[Exercise objective]
From the line containing "첫 번째로, '허가증'을" down to the last line of the material, output each line exactly as it appears, excluding pictures.

[Input data]
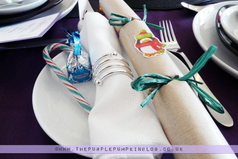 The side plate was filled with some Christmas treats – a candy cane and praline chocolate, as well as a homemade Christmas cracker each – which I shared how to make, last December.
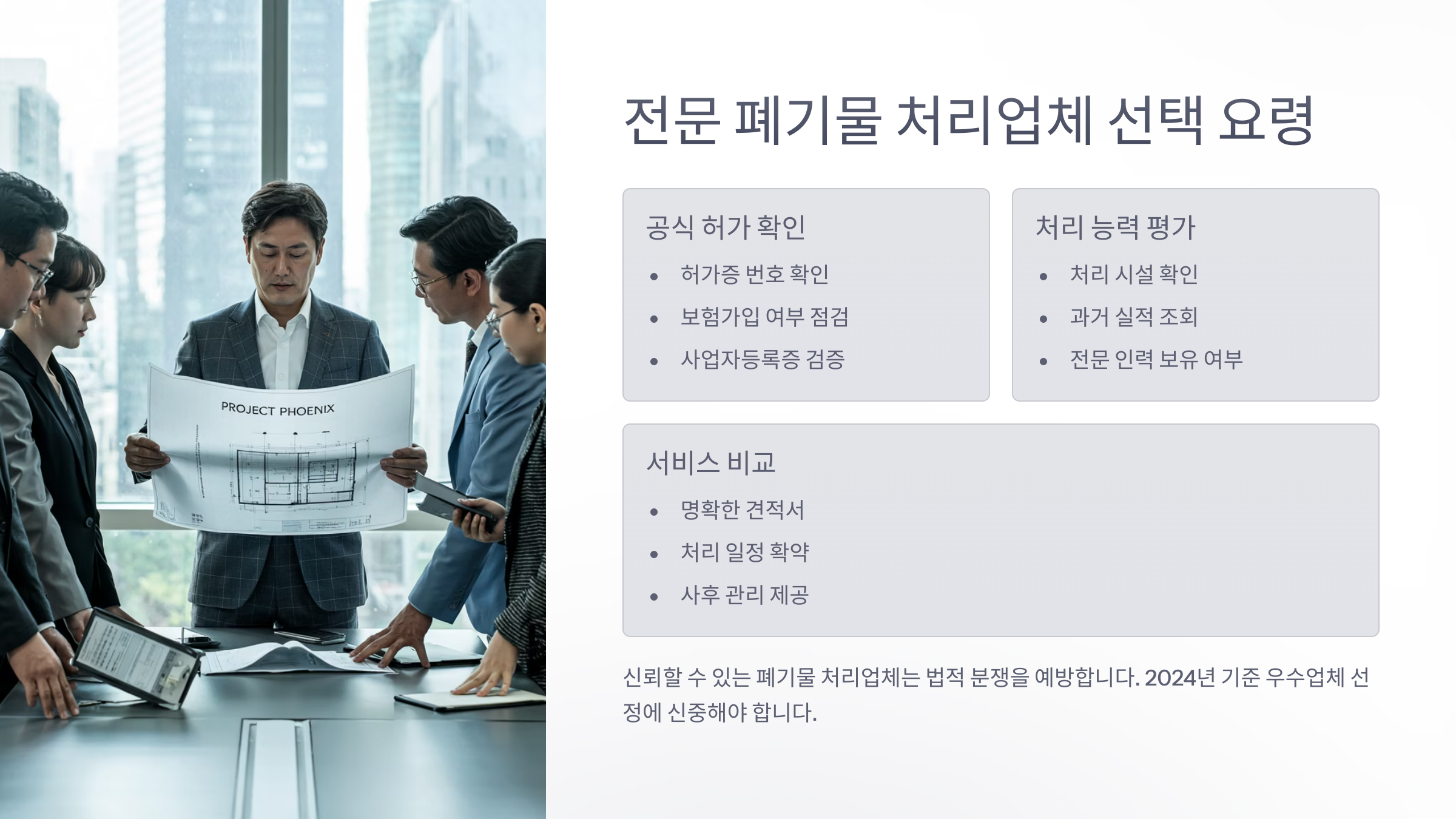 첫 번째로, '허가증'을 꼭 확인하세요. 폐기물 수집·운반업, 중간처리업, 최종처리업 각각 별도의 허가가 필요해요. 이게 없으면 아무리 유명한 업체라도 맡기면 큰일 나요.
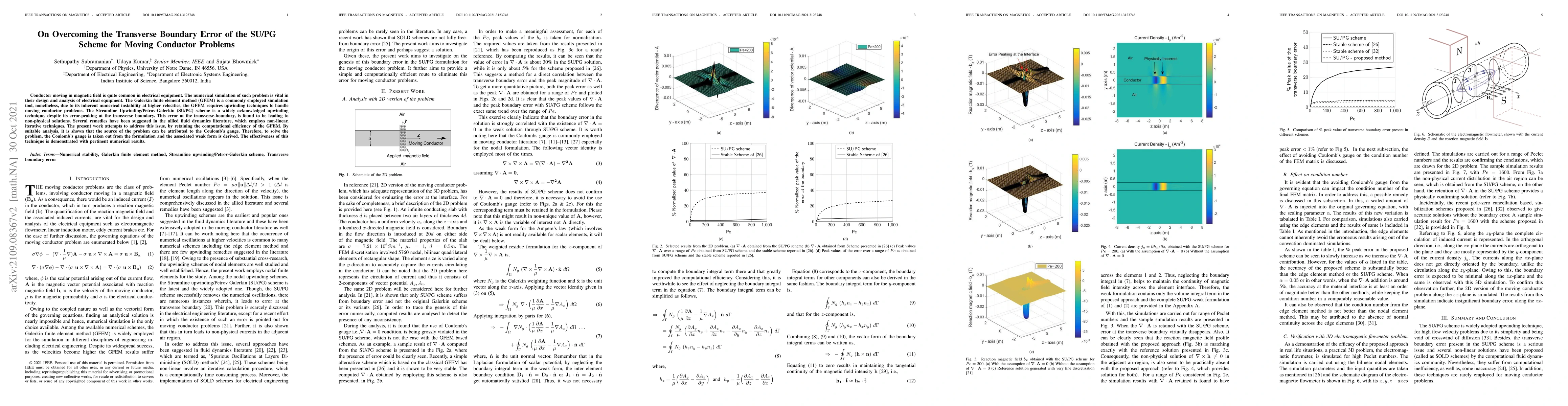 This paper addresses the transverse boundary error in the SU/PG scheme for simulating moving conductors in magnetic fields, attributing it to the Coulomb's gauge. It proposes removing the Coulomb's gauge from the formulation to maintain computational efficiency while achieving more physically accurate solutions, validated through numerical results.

[Your solution]
 첫 번째로, '허가증'을 꼭 확인하세요. 폐기물 수집·운반업, 중간처리업, 최종처리업 각각 별도의 허가가 필요해요. 이게 없으면 아무리 유명한 업체라도 맡기면 큰일 나요.
 This paper addresses the transverse boundary error in the SU/PG scheme for simulating moving conductors in magnetic fields, attributing it to the Coulomb's gauge. It proposes removing the Coulomb's gauge from the formulation to maintain computational efficiency while achieving more physically accurate solutions, validated through numerical results.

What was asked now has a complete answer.